Waste & Efficiency Indicators
Waste Risk Score: 59 / 10
Warning Flags
- Long contract duration (over 12 years)
- Potential for price escalation due to economic adjustments
- Lack of specific performance metrics for value assessment
Positive Signals
- Awarded under full and open competition
- Supports critical defense communication needs
Sector Analysis
The Wired Telecommunications Carriers sector is essential for government operations, but it is also subject to rapid technological change. Benchmarking against similar long-term government contracts in this space is crucial for assessing value.
Small Business Impact
This contract was awarded to Verizon Business Network Services LLC, a large corporation. There is no indication of specific provisions or set-asides for small businesses within the provided data.

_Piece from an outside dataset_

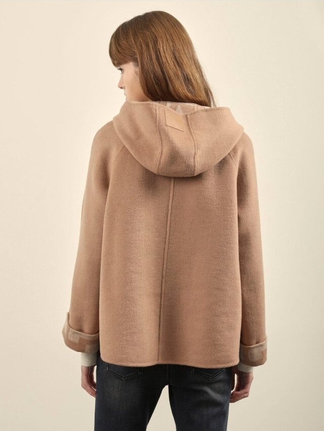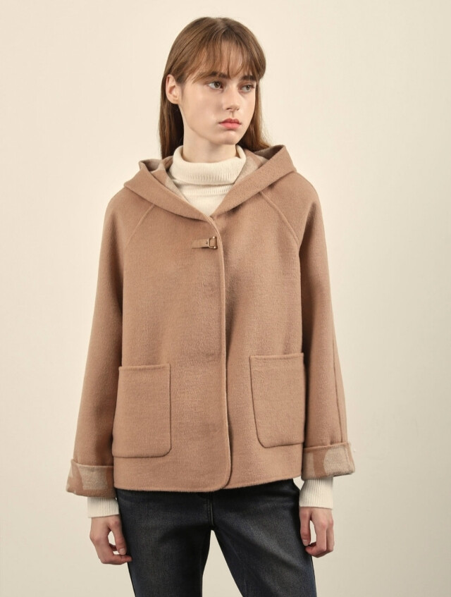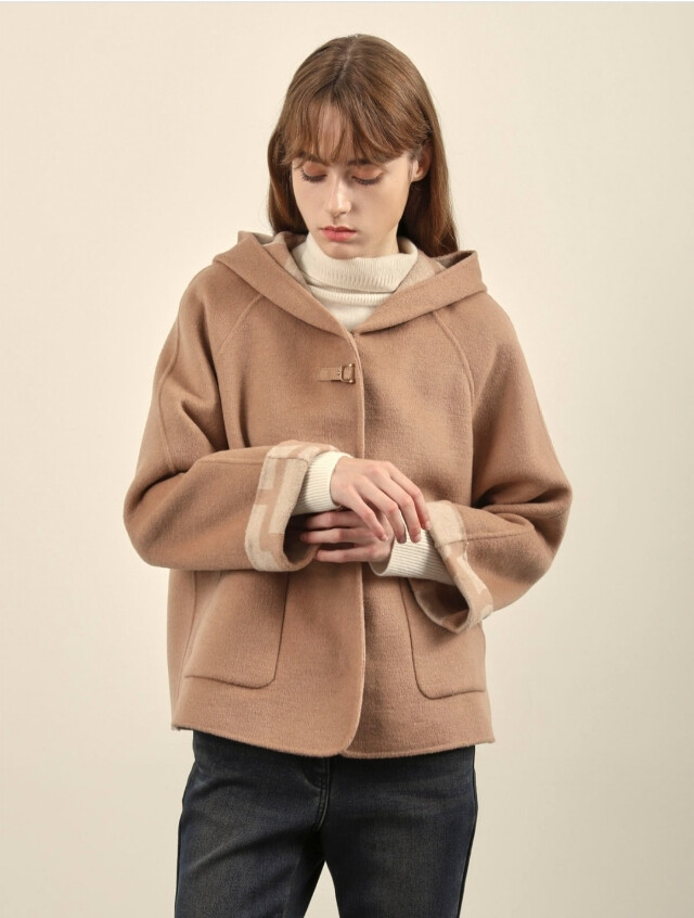 자가드 리버시블 소재가 매력적인 후두형 핸드자켓입니다 단기장의 자연스러운 A라인실루엣으로 캐주 얼하고 영한 감성으로 착용하실수 있고 소매 턴업 부 분과 후두 안쪽의 자가드 느낌이 한충 그급스러위보입니다
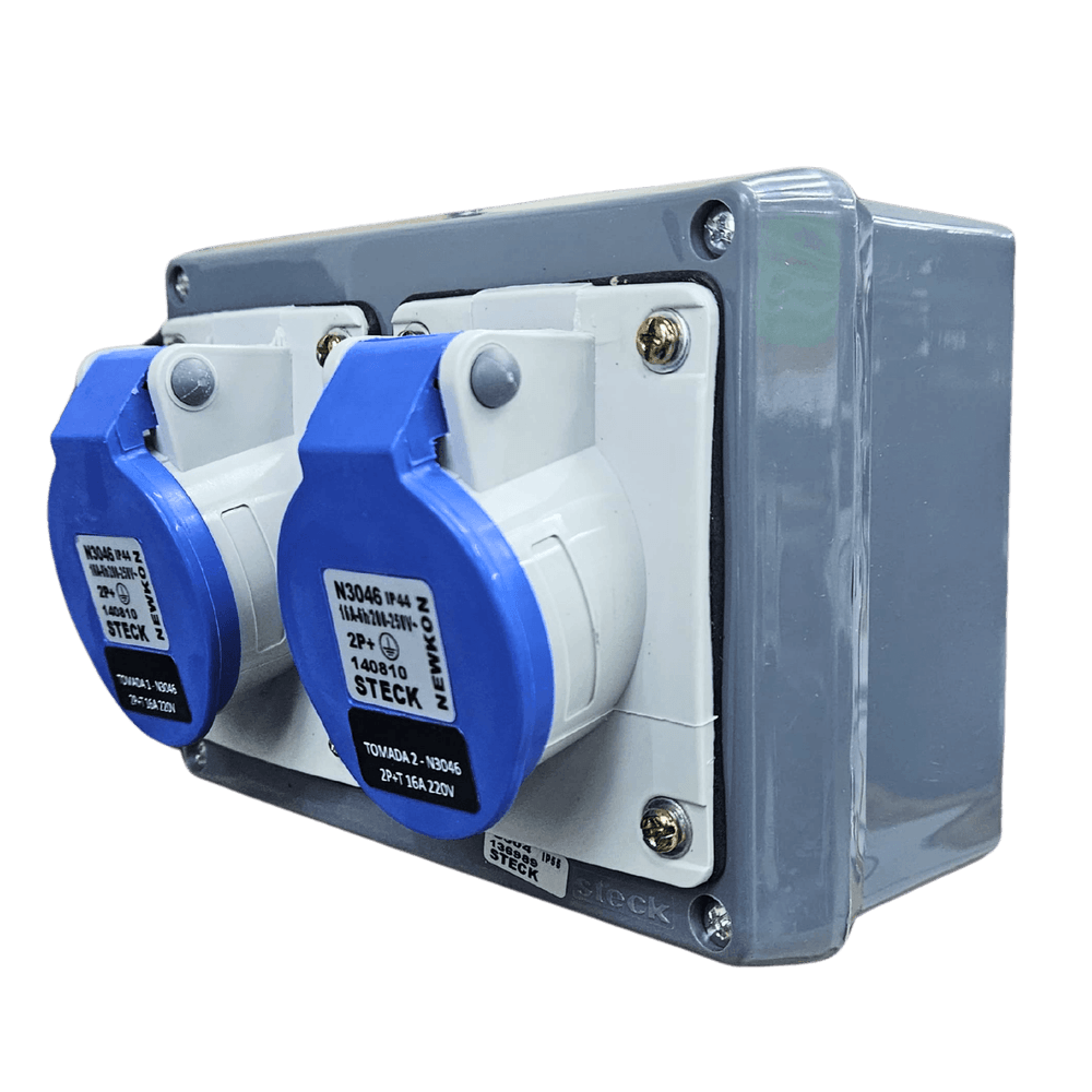Quadro Sobrepor C/ Tomada Industrial 2xN3046 2xN4049 IP-44 Cód. S231112 – Steck

Oversight & Accountability
The long duration of this contract necessitates robust oversight to ensure continued relevance, cost-effectiveness, and adherence to contract terms. Regular reviews of pricing and performance against market standards are essential.
Related Government Programs
- Wired Telecommunications Carriers
- Department of Defense Contracting
- Defense Information Systems Agency Programs
Risk Flags
- Long contract duration may lead to suboptimal value over time.
- Economic price adjustment clauses introduce potential for cost escalation.
- Risk of technological obsolescence within the contract term.
- Lack of detailed performance metrics hinders value assessment.
- Potential for missed opportunities with newer, more cost-effective technologies.
Tags
wired-telecommunications-carriers, department-of-defense, va, delivery-order, 1m-plus
Frequently Asked Questions
What is this federal contract paying for?
Department of Defense awarded $2.6 million to VERIZON BUSINESS NETWORK SERVICES LLC. IPS SERVICES
Who is the contractor on this award?
The obligated recipient is VERIZON BUSINESS NETWORK SERVICES LLC.
Which agency awarded this contract?
Awarding agency: Department of Defense (Defense Information Systems Agency).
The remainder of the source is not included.